So, the final table of log evidences is

\(Z_1\) \(Z_2\) \(Z_3\) \(Z_4\) \(Z_5\)
\(250.4\) \(335.3\) \(327.2\) \(335.1\) \(335.7\)

Or, in terms of a table of odds ratios (\(i\) are columns and \(j\) are rows)

\(\mathcal{O}_{ij} = \exp{\left(\frac{Z_i}{Z_j}\right)}\) \(Z_2\) \(Z_3\) \(Z_4\) \(Z_5\)
\(Z_1\) \(e^{85.0}\) \(e^{76.8}\) \(e^{84.7}\) \(e^{85.3}\)
\(Z_2\) \(0.0003\) \(0.8\) \(1.4\)
\(Z_3\) \(2862.7\) \(5053.5\)
\(Z_4\) \(1.8\)

What I find is that all hypotheses that include additional components over the purely Gaussian experimental errors are hugely favoured over hypothesis 1 that just assumes experimental errors are enough to account for the variations.

The most favoured hypothesis is 5, which includes the possiblity of a sinusoidal term of unknown period, phase and amplitude, and an unknown systematic noise term. However, this is only favoured over hypothesis 2, which just includes the unknown systematic noise term, by a factor of 1.4, so is hardly significant.

It is interesting to look at the posterior parameter distribution obtained from hypothesis 5, which clearly does show some evidence for a periodic component, although it is not hugely significant over the background noise.

Hypothesis 3, which most closely matches the assumptions of Anderson et al, is very much disfavoured (by factors of several thousand) over hypotheses that allow for an additional unknown systematic noise component. However, hypothesis 4 has a similar evidence to 2 and 3, but from looking at the sinusoids amplitude and systematic error posterior probability distributions this seems to mainly come from the systematic error component helping with the fit.

Finally, it is worth pointing out that I have not included any uncertainties in the times of the measurements of \(G\). These values used are generally the time of submission of the publication describing the results.

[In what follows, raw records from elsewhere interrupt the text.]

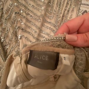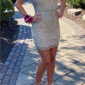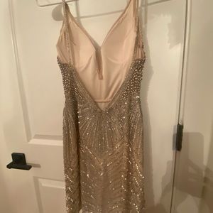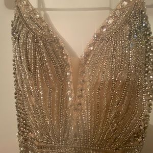 Stunning. Champagne/Silver color. Entire dress is beaded. All heading in tact. Only worn once. Paid $700
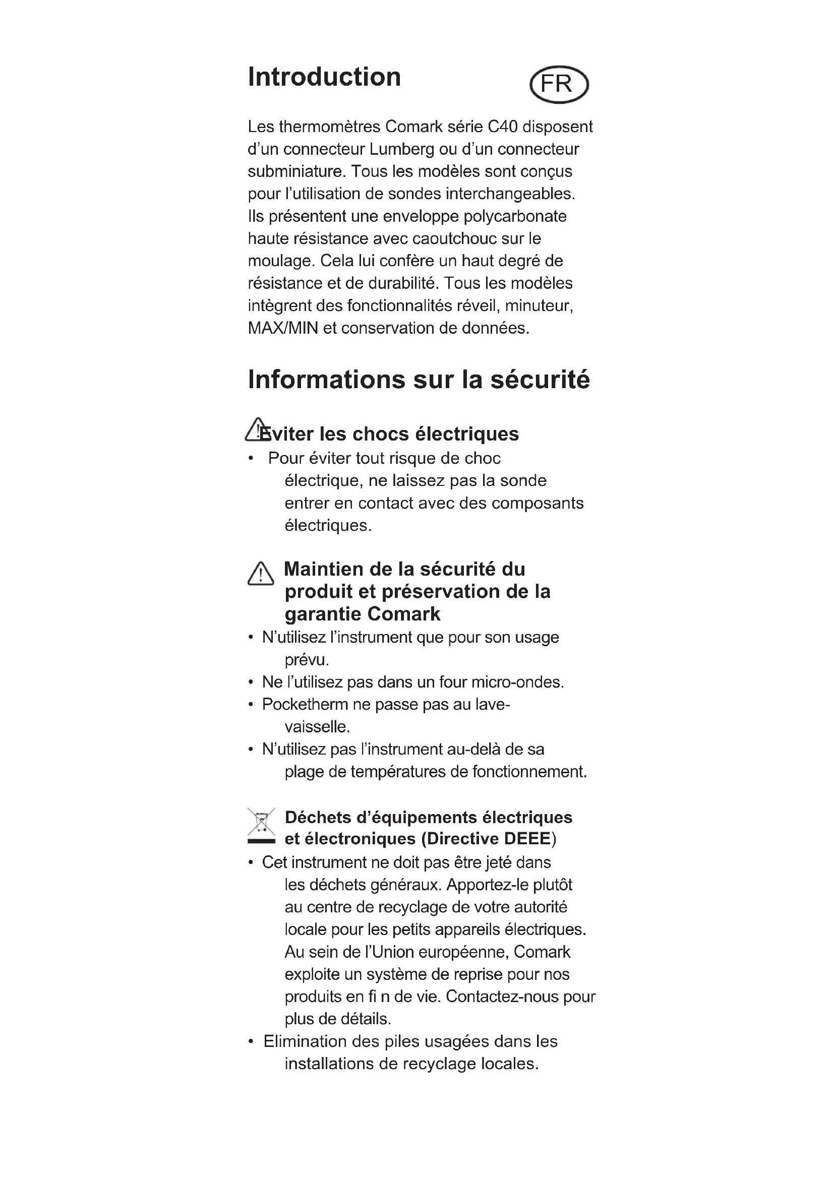 - Cet instrument ne doit pas être jeté dans les déchets généraux. Apportez-le plutôt au centre de recyclage de votre autorité locale pour les petits appareils électriques. Au sein de l’Union européenne, Comark exploite un système de reprise pour nos produits en fi n de vie. Contactez-nous pour plus de détails.
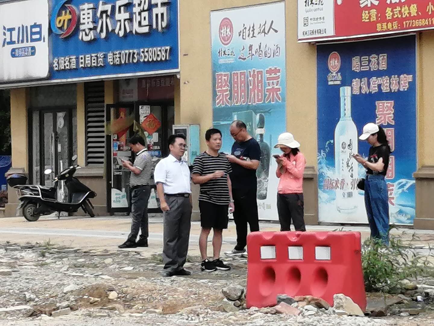▲于榮升(左二)、韋新華(右三)現(xiàn)場(chǎng)辦公
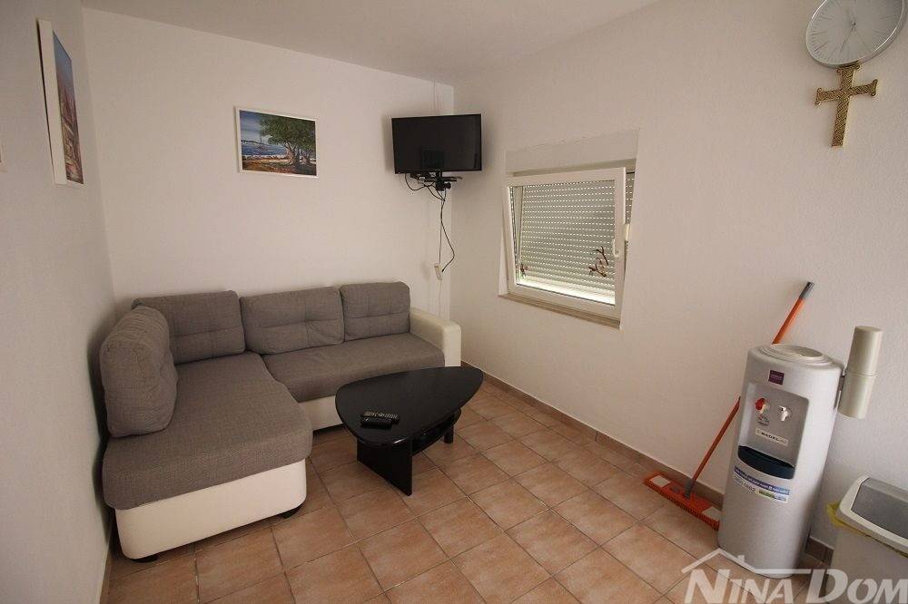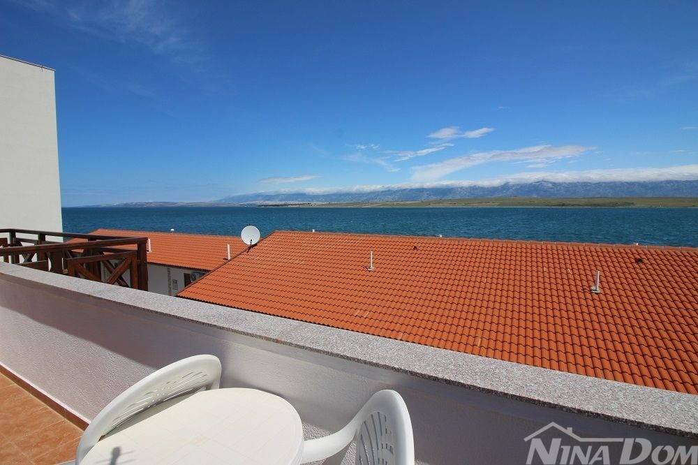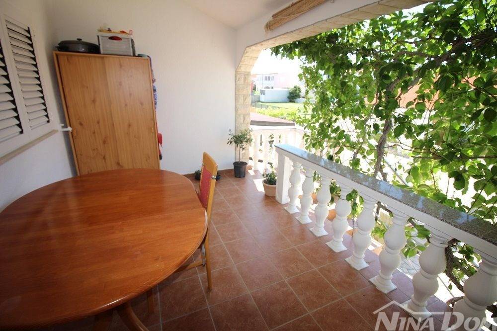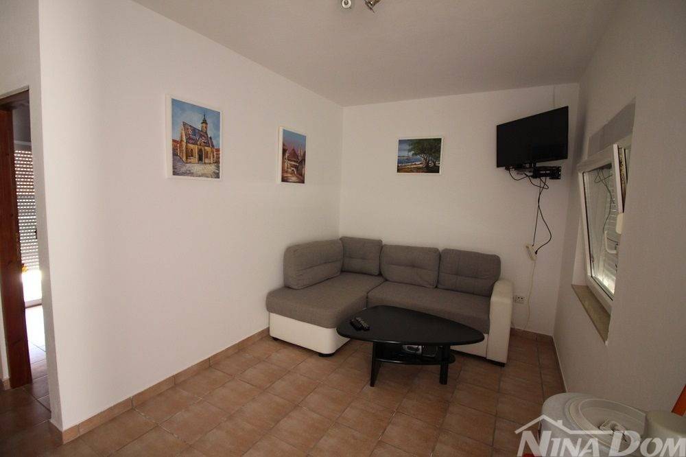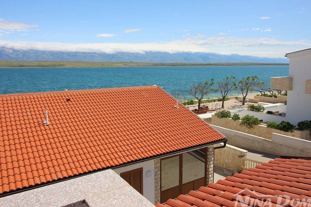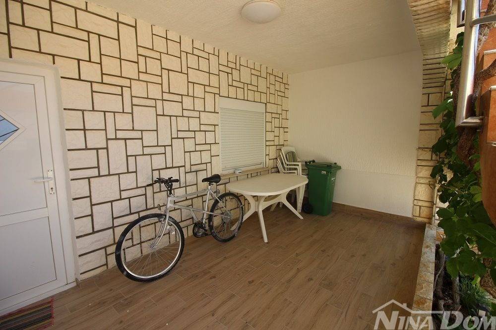 Kuća u nizu koja se sastoji od dva etažirana jednosobna apartmana. Svaki apartman posjeduje prednju terasu, kuhinju s dnevnim boravkom, kupaonu i jednu spavaću sobu sa izlazom na zadnje terase,. Nekretnina je udaljena 60 metara od mora i sa gornje terase pruža se neometani pogled na more i Velebit. Dobro održavana 2022 godine urađena je nova fasada 8 cm stiropora, klima uređeju postavljeni u prizemlju i na katu, voda-cisterna, struja samostalni prikljčak.
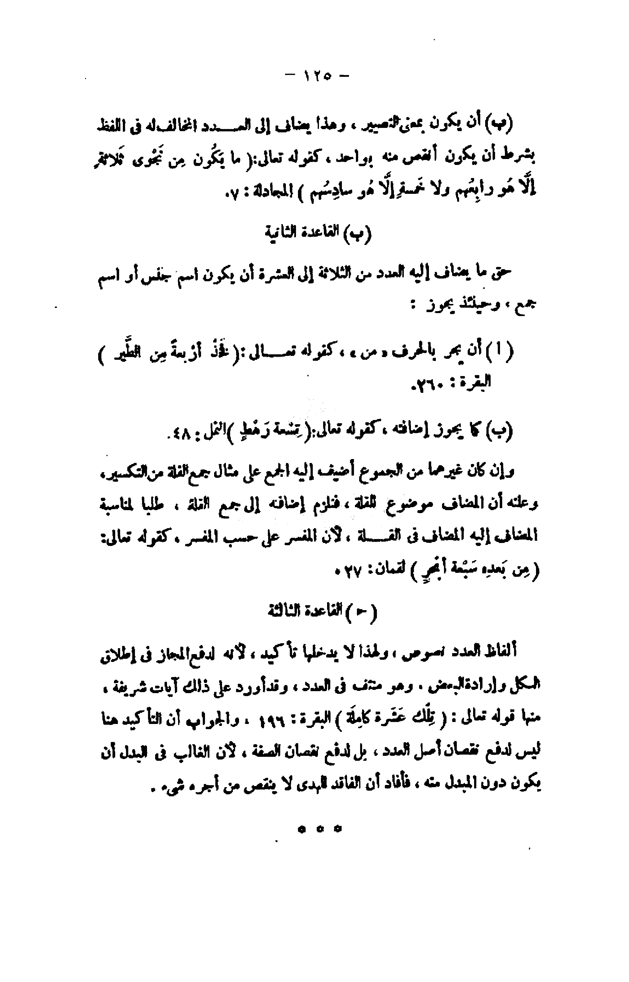 (ح) القاعدة الثالثة ألفاظ العدد نصوص، ولهذا لا يدخلها تأكيد، لأنه لدفع المجاز فى إطلاق الكل وإرادة البعض، وهو منتف فى العدد، وقد أورد على ذلك آيات شريفة، منها قوله تعالى: تِلْكَ عَشَرَةٌ كامِلَةٌ البقرة: 196، والجواب أن التأكيد هنا ليس لدفع نقصان أصل العدد، بل لدفع نقصان الصفة، لأن الغالب فى البدل أن يكون دون المبدل منه، فأفاد أن الفاقد للهدى لا ينقص من أجره شىء.

It could well be that the actual experiments were conducted of order several months prior to this. Such an additional error could well worsen the significance of any periodic component.

Significance of periodic component

Is the spike in the period posterior, as seen in hypothesis 5, particularly rare? To test this I've randomly shuffled the measured values of \(G\) (keeping the times the same) and re-run the analysis from hypothesis 5.

In [18]:
# set random seed
np.random.seed(8753)

# shuffle numbers
shufidx = np.random.permutation(len(Gs))
Gsshuf = Gs[shufidx]
errshuf = errs[shufidx]

print shufidx

pl.errorbar(years, Gsshuf, yerr=errshuf, fmt='bo')
pl.xlabel('time (years from 17 Nov 1982)')
pl.ylabel(r'$G \mathrm{m}^3\,\mathrm{s}^{-2}\,\mathrm{kg}^{-1}$')
[ 9  4 10  1  8  5  3  7  6  0  2]

Out[18]:
<matplotlib.text.Text at 0x7f9f2d4ee450>
In [19]:
Lpost = np.zeros((len(sysrange), len(Arange), len(phi0range), len(periodrange)))
for i in range(len(sysrange)):
    for j in range(len(Arange)):
        for k in range(len(phi0range)):
            for l in range(len(periodrange)):
                model = pmodel(Arange[j], periodrange[l], phi0range[k], 0., years)
                Lpost[i,j,k,l] = logL(Gsshuf, model, errshuf, sysrange[i])
                Lpost[i,j,k,l] = Lpost[i,j,k,l] + logpriorsys(sysrange[i]) + logpriorA(Arange[j]) + logpriorphi0 + logpriorperiod

# marginalise over parameters
marg1 = np.apply_along_axis(logtrapz, 3, Lpost, np.diff(periodrange))
marg2 = np.apply_along_axis(logtrapz, 2, marg1, np.diff(phi0range))
marg3 = np.apply_along_axis(logtrapz, 1, marg2, np.diff(Arange))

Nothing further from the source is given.